Bunu yargı kendi inisiyatifiyle mi yaptı?
Hayır, 28 Şubat'ta savcı ve hakimleri Genelkurmay Karargahı'na toplayıp hükümete karşı kim formatladıysa, onların direktifleriyle hareket etti yargı.
Erbakan Hoca'ya "partisinin parasını zimmetine geçirdiği" iddiasıyla dava açıldı, tıpkı Parsadan davasında Çiller hakkında açıldığı gibi.
Çiller kendini bu tuzaktan kurtardı ama Erbakan kurtulamadı.
Nitekim bastılar cezayı ve Erbakan Hoca'yı 80 yaşında hapse atmaya çalıştılar.
Başbakan Erdoğan'ın çabası olmasa Erbakan hapse girecekti.
Siyaset yapma hakkına "hukuken" engel koydular, yetmedi bir de zimmetine geçirdiği söylenen parayı faiziyle birlikte Erbakan'dan tahsil ettiler.
Erbakan ve ailesinin bu parayı ödemek için nasıl zorlandığını herkes biliyor.
***
Dikkat edin, Erbakan'ın başına gelenin kendinden öncekilerin başına gelenden hiçbir farkı yok.

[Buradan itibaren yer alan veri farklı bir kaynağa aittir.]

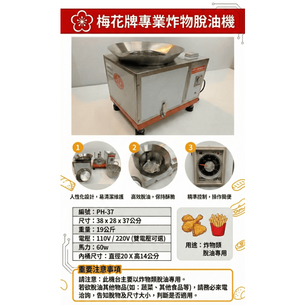 編號:PH-37 尺寸:38 x 28 x 37公分 重量:19公斤 電壓:110V / 220V 馬力:60w 內桶尺寸:直徑20 X 高14公分 用途:炸物類 脫油專用 請注意:此機台主要以炸物類脫油專用 *若欲脫油其他物品請來電洽詢,告知脫物及尺寸大小,判斷是否適用

Yargı yoluyla siyasi tasfiye...
Yani, yargıyı dün yönlendiren Genelkurmay Karargahı'ydı, bugün yönlendiren bir paralel devlet karargahı.
Amaç aynı...
Siyaseti tanzim, siyaset üzerinde vesayet kurma, devleti ele geçirme.
Şimdi oynanan oyun, siyasete kurulan tuzak daha öncekilerden hiç farklı değil.
Hepsi yargı kullanılarak siyasetçileri tasfiye, hükümetleri yıkma amacı taşıyor.
Tek fark şu: Şimdikiler daha örgütlü, talimat aldıkları yer gizli kapaklı ama eylemleri çok aleni.
Bir de çok ahlaksızlar... Sahte kaset yapıp internete servis ediyorlar.
Ama bütün bu saldırılara maruz kalanların da kendilerinden öncekilerden bir farkı var:
Arkalarında halk var bir kere, tecrübeleri var, cesaretleri var ve ellerinde devletin sınırsız güç ve imkanları var.
Hükümet şimdi bu gücü kullanıyor, kullanmalıdır.
Kullanmalıdır, zira tereddüdün getireceği yegane şey kaostur...
Ve tabii kendinden öncekilerin kaderidir!